Using the listing below, retype the line bearing "Lång ballongärm med" and each line after it, word for word, and nothing further.
<<<<
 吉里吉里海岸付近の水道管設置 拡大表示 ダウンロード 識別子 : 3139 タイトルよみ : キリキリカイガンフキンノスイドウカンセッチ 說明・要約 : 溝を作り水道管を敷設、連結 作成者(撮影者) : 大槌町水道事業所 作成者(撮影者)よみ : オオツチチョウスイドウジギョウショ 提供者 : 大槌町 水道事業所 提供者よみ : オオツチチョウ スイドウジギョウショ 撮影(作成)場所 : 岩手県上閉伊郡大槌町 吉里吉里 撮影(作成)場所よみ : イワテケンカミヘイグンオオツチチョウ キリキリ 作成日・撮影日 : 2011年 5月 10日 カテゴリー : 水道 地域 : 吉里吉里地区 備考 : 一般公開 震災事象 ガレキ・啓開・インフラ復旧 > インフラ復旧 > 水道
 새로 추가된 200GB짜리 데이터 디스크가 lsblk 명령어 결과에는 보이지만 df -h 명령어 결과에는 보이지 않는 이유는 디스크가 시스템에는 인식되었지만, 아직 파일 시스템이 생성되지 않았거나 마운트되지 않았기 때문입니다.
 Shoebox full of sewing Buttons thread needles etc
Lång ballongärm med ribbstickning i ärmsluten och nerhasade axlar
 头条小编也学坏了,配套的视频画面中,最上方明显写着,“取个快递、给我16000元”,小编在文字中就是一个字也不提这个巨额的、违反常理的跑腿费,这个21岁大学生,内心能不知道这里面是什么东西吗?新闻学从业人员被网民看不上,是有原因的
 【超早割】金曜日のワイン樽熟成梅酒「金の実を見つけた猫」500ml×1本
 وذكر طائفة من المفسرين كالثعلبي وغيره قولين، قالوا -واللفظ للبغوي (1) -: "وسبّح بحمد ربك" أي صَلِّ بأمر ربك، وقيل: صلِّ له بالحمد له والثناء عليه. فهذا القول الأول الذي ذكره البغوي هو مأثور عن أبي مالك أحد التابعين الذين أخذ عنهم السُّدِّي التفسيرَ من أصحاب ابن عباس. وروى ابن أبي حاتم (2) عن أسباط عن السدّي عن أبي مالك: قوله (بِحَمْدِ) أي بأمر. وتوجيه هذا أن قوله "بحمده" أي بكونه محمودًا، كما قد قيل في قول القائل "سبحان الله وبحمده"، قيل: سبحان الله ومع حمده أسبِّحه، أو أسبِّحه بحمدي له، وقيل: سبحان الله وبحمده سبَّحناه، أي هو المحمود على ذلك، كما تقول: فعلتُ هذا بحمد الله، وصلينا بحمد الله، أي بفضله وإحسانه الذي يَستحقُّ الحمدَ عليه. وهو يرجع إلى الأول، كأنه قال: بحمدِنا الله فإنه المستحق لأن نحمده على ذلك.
>>>>
Result of this task:
Lång ballongärm med ribbstickning i ärmsluten och nerhasade axlar
 头条小编也学坏了,配套的视频画面中,最上方明显写着,“取个快递、给我16000元”,小编在文字中就是一个字也不提这个巨额的、违反常理的跑腿费,这个21岁大学生,内心能不知道这里面是什么东西吗?新闻学从业人员被网民看不上,是有原因的
 【超早割】金曜日のワイン樽熟成梅酒「金の実を見つけた猫」500ml×1本
 وذكر طائفة من المفسرين كالثعلبي وغيره قولين، قالوا -واللفظ للبغوي (1) -: "وسبّح بحمد ربك" أي صَلِّ بأمر ربك، وقيل: صلِّ له بالحمد له والثناء عليه. فهذا القول الأول الذي ذكره البغوي هو مأثور عن أبي مالك أحد التابعين الذين أخذ عنهم السُّدِّي التفسيرَ من أصحاب ابن عباس. وروى ابن أبي حاتم (2) عن أسباط عن السدّي عن أبي مالك: قوله (بِحَمْدِ) أي بأمر. وتوجيه هذا أن قوله "بحمده" أي بكونه محمودًا، كما قد قيل في قول القائل "سبحان الله وبحمده"، قيل: سبحان الله ومع حمده أسبِّحه، أو أسبِّحه بحمدي له، وقيل: سبحان الله وبحمده سبَّحناه، أي هو المحمود على ذلك، كما تقول: فعلتُ هذا بحمد الله، وصلينا بحمد الله، أي بفضله وإحسانه الذي يَستحقُّ الحمدَ عليه. وهو يرجع إلى الأول، كأنه قال: بحمدِنا الله فإنه المستحق لأن نحمده على ذلك.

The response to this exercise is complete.